80% of innovation risk in architecture, engineering and construction is created at concept design. Not during delivery. Not at handover. At the beginning — when decisions feel provisional and reversible, and nobody is treating them as the constraints they are about to become.
Most AEC teams understand this abstractly. Very few have a structured response to it.
of innovation risk is created during concept design. The stage where teams are still thinking in principles. The stage where the scope of the problem hasn't been agreed. The stage where changing course costs almost nothing — and where most organisations skip validation entirely.
At concept design, teams make decisions about structure, systems, approach, and scope. These decisions feel early and tentative. In practice, they establish the constraints within which every later decision will be made.
The downstream teams who inherit those choices rarely know exactly what assumptions were made, or why. They build on them. They optimise within them. By the time a constraint surfaces as a problem, the cost of correcting it has multiplied several times over.
This is not a project management failure. It is a validation failure. The problem was created at the beginning, when there was still room to ask the right questions. No one asked them with sufficient rigour.
The honest answer is that concept design feels too early for process. There is nothing concrete enough to validate. The team is still generating. Introducing structure at this point looks like it would slow things down — and in a sector where time is always under pressure, slowing down is treated as a cost.
What organisations do not account for is the cost of the alternative. Late correction in AEC projects is expensive in ways that are difficult to budget for because they are not visible at the start. Rework hours. Redesign cycles. Value engineering that removes what was valuable. Submissions that require revision. Planning conditions that reflect a sustainability argument assembled in a hurry.

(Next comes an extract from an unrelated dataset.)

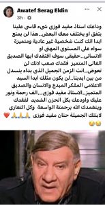 واختتمت الدكتورة عواطف سراج الدين كلامها بقولها ( الاستاذ مفيد فوزى .. الف رحمة ونور عليك وأودعك بكل الحزن الشديد لفقدك ويتغمدك الله برحمتة الواسعة وكل التعازى لأبنتك الجميلة حنان مفيد فوزى .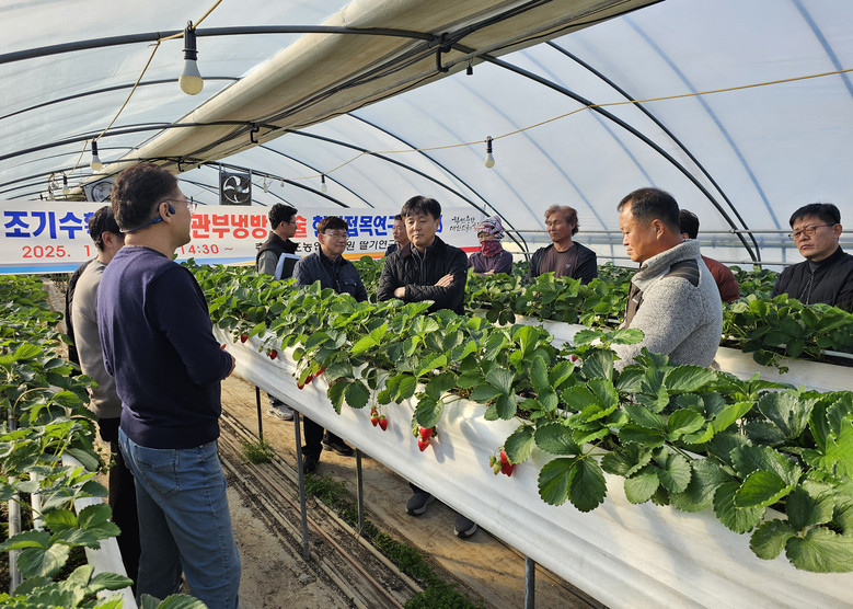 현장평가회에서는 딸기 재배농가, 연구 및 지도기관 관계자 등 200여 명이 참석한 가운데, 여름철 고온기에도 안정적으로 꽃눈분화를 유도할 수 있는 ‘조기정식 후 관부냉방 기술’의 적용성과 현장사례를 공유했다.

Structured validation at concept design is not a delay. It is the decision that prevents the delay that comes later.
The word "validation" carries a weight it does not need to carry. It suggests something formal, something external, something slow. At concept design, proportionate validation means something more specific: a structured process for asking the right questions before the window for asking them closes.

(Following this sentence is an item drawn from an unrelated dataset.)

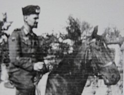 | Walter Lange als berittener Soldat bei den Kuban-Kosaken in Jugoslawien | Familienarchiv | Autor/-in unbekannt Unknown author | Datei:Walter Lange (Kosaken).jpg |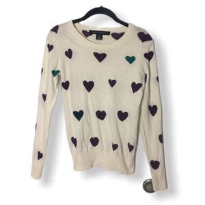 French connection cream pullover sweater with purple and teal hearts. Size x-small.

It means identifying which decisions are genuinely reversible and which ones only appear to be. It means making trade-offs visible to the people who need to see them. It means ensuring that the assumptions built into a concept are acknowledged as assumptions — not treated as settled facts — until there is evidence to settle them.
This does not require a month-long workshop. It requires a framework, a facilitator who understands the AEC context, and enough time to work through the critical choices before they calcify into constraints. The Innovation Validation Workshop is a three-hour structured intervention built precisely for this stage.
If the challenge is broader than one project — if the pattern repeats across the organisation and concept design risk is a systemic issue — innovation advisory addresses it at the practice level. The goal is not to add governance. It is to embed the kind of thinking that makes governance unnecessary.
AEC projects carry a specific form of concept design risk that general innovation frameworks do not adequately address. Planning policy creates a hard external constraint. Sustainability requirements, transport assessments, heritage considerations, environmental impact — these are not preferences that can be negotiated late. They are conditions that either get built into the concept or get discovered as problems during application.
The organisations that navigate this well have a structured approach to the concept design stage. They know which compliance questions need an answer before design development begins. They make those questions part of the validation process, not an afterthought at the tail end of it.
If you are working on London planning submissions, the sustainability argument is among the earliest formal outputs — and it reflects decisions made at concept design. Getting it right is easier before those decisions have been made than after.